Daha sonraları, İstanbul’da misafir olarak bulunduğu sıralarda (1255/1839 civarı) Şeyh Abdülhâlık el-Kazgani (Kazancı) Efendi’den de tarîkat-ı Nakşibendiyye almıştır. 1259/1843 yılında ikinci defa olarak hacca gidişinde bu kez Abdülhâlık Efendi halîfelerinden Şeyh Mustafa b. Mahmûd Trabzonî Efendi’den tarîkatı tamamlayarak yola giriş ve öğretme icazetnamesi (izin belgesi) almıştır. 

Çeşitli tarîkatlardan aldığı icâzetnâmelere gelince;

a- Nakşîbendî Silsilesi:

Hz. Muhammed Mustafa (S.A.S)- Hz. Ebûbekir (R.A)- Selmân Fârisî- Kasım b. Muhammed b.
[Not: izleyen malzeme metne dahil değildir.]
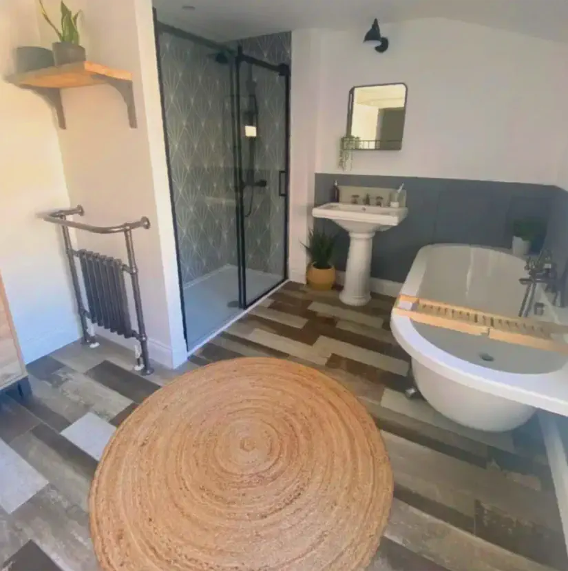 A fürdőszoba átalakítása varázslatosan sikerült, ahol a luxus találkozik az okos megoldásokkal. A szobában uralkodó eleganciát egy csodálatos kád adja, amit kifinomult falburkolat és egy letisztult zuanyag egészít ki. A zuanyag falburkolata különleges art deco mintázatú, amit egy online piactéren találtak. "Nyolc méter szürke hatszögletű csempét vettem mindössze harminckét ezer forintért," meséli a tulajdonos. "Ez egy csempeboltban jóval többe került volna!" Ezek a csempék lettek a tervezés alapköve. A merész falburkolathoz fakézetű padlócsempét választottak, miközben megtartották az elegáns fekete-fehér színvilágot.
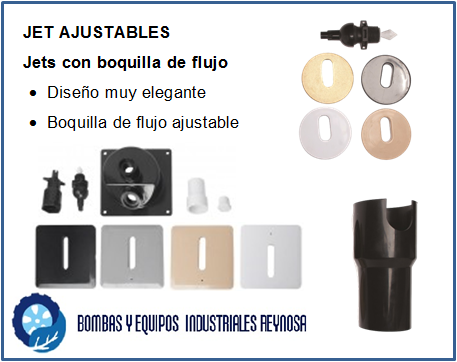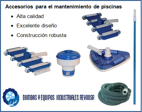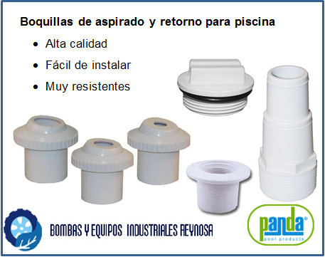 fondo, boquillas de retorno y aspirado, desnatadores, válvulas (bola, check y

Ebûbekir- İmâm Cafer Sadık- Bayezid Bestami- Ebu’l-Hasan el-Harkânî-Ebû Alî Farmedî-Yûsuf Hemedânî-Abdülhâlık Gucduvânî-Arif Rîvekerî-Mahmûd el-Encir Gaznevî-Alî Muhammed Bâbâ Simâsî-Emir Gülâl- M. Bahâeddîn Nakşıbend -Alâaddîn Attar- Yakub Çerhilhisarî-Hâce Abdullâh Ahrar Semerkandî- Muhammed Zahidî- Derviş Muhammed Emkenlî- Hacegi es-Semerkandî Emkenlî- Muhammed Bâkî- Ahmed Serhendî- Masûm Hindî- Ahmed Mekkî- Hâce Habibullâh Buharî- Hüda Kulu- Molla Abdullâh Muhammed- Molla İdrîs- Muhammed Niyazî Kulu- Abdülhâlık Kazanî- Mustafa Efendi Trabzonî- Muhammed Nûr... 
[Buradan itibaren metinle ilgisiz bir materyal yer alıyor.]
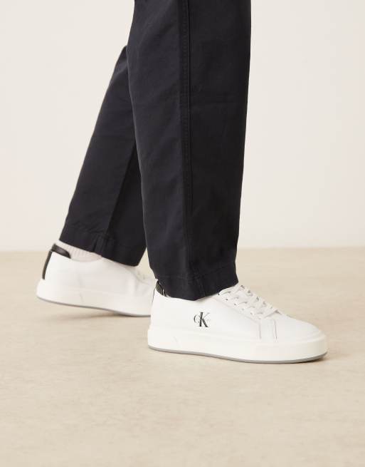Calvin Klein - Hvide sneakers i læder med slidstærk gummisål

b- Halvetiyye-i Şabaniyye Silsilesi:

Hz. Muhammed (S.A.S)- Hz. Alî (K.V) - Hasan Basrî- Habîb Acemî- Dâvud et-Taî- Marûf el-Kerhî- Serî es-Sekatî- Cüneyd Bağdâdî- Mimşâd Dîneverî- Muhammed el-Bekrî- Kadı Vecîhüddîn Ömer el-Bekrî- Ebu’n-Necib Sühreverdî- Kutbeddîn el-Ebherî- Rükneddîn Necaşî- Şehâbeddîn Tebrîzî- Hâce Cemâleddîn Şirazî- İbrahim Zahid el-Geylânî- Ahî Muhammed el-Halvetî-Pîr Ömer el-Halvetî- Ahî Mîrim el Halvetî- Sadreddîn Hayyamî- Seyyid Yahya Şirvanî- Muhammed Bahaeddîn- Cemâl el-Halvetî- Hayreddîn Tokadî- Şaban Veli Kastamonî- Ömer el-Fuadî- İsmail Çorumî- Muslihuddîn- Şeyh Karabaş Veli (Alî el-Atval)- Mustafa Doğanî el-Mûrî Edirnâvî- Abdüllatif el-Halebî- Seyyid Mustafa el-Bekrî- Şemseddîn Muhammed el-Hanefî- Mahmûd el-Kürdî- Abdullâh Şarkâvî- Muhammed Ebu’n-Nüca- Alî et-Tûfî- İbrahim eş-Şemarikî- Muhammed Nûr... 

c- Ekberiyye Silsilesi : (Muhyiddîn İbnü’l- Arabî’de son bulur)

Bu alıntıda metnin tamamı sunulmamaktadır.